We all have them. We can try to compensate for them, cover them or just plain live in denial of them, but they are there and they are more apparent that we would like to admit. The problem with a shortcoming is that the person who has it is typically the last one to realize it. They have lived with themselves so long and have gotten so used to this glaring weakness that their eyes have adjusted to the dysfunction. They see themselves through a filtered perspective.
However, there are some people who are very much aware of their shortcomings and are completely taken out by the incongruence of their insides and their outsides.
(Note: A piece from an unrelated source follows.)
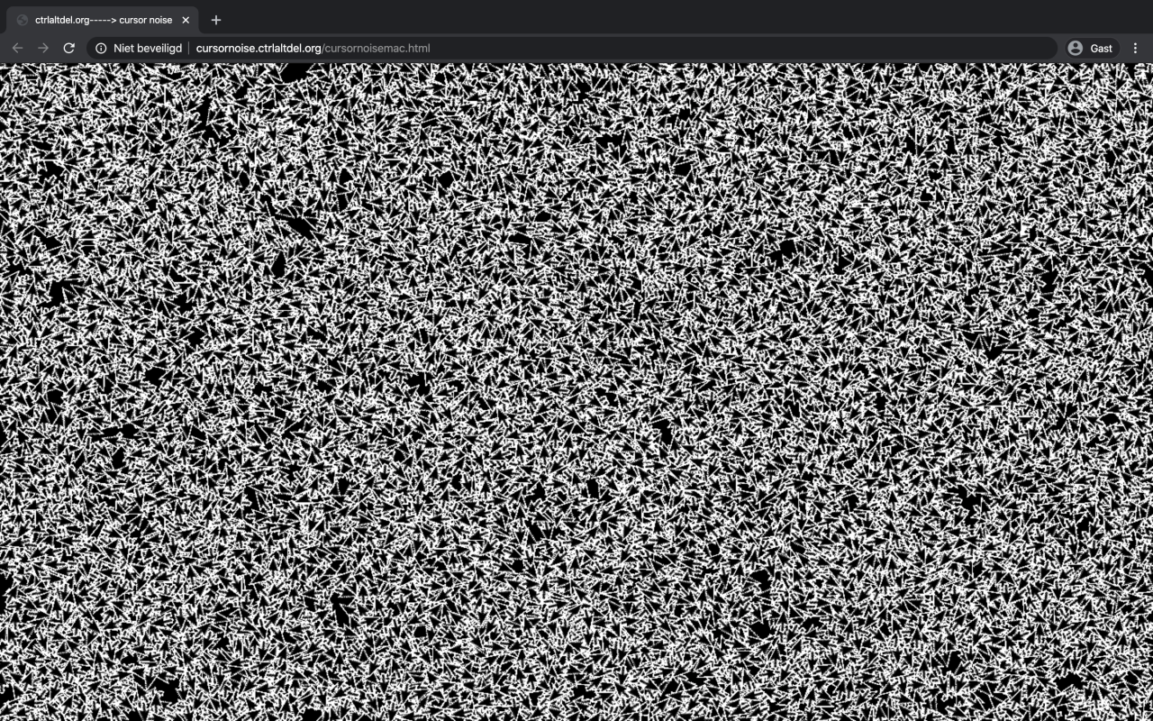 Het gevoel verloren te zijn in de online menigte wordt ook opgeroepen in Cursor Noise (2016) van Peter Luining. Die website vult het scherm met draaiende en heen en weer bewegende muisaanwijzers. Bijna direct verlies je je eigen cursor, je persoonlijke avatar op het scherm, uit het oog, en ga je op in de geruisloze massa. Cursor Noise heeft geen duidelijk begin en einde: het is een animatie, maar niet zoals een .gif-bestand met vooraf bepaalde beelden. Ieder moment is uniek gegenereerd, maar toch blijft alles hetzelfde. Op Twitter kwam ik een beschrijving tegen van de zee, die net zo goed geldt voor Cursor Noise: als je een moment wegkijkt, dan heb je dat moment voor altijd gemist.

They refuse to say anything, do anything or be anything because they don't want to let someone down with what they know to be true about themselves. Rather than speak up and risk that their shortcoming might surface, they stay quiet to ensure that it doesn't. Instead of accepting a responsibility, they excuse themselves with self-depreciating comments of unworthiness. They are so paralyzed by their own self-awareness that they have added scorn to scars, insult to injury.
I think I am a nice configuration of both on most days. Just enough disclosure to let people know I'm real, just enough closure to keep people from knowing I'm fragile. This is the tightrope of leadership. How much do you share? How honest can you be? How broken is too broken? How together is too together?
I'm not sure if it's the softening that comes with getting a little older, but I'm realizing more now than ever the vulnerabilities of my makeup. I'm getting more and more honest about my shortcomings and my need for God's grace to fill in the cracks of my broken heart. I don't think myself above any sort of sin or failure or lapse of judgement. I know I'm just like everybody else who's fallen and is falling short of the glory of God on a regular basis. My sufficiency is from God, my competency is from God, my merit is from God...not myself.
On my own, I'm a flawed and fallen man. Brittle. Thin. It's only by God's grace that I can rise again after coming short of the mark. And when that shortcoming reminds me that I'm unworthy, I say, "What of it? I know that I'm imperfect and unable to stand on my own credentials, yet there is one who has taken my shortcomings and given me his overcomings."
In Christ, I'm not a shortcomer. I'm an overcomer.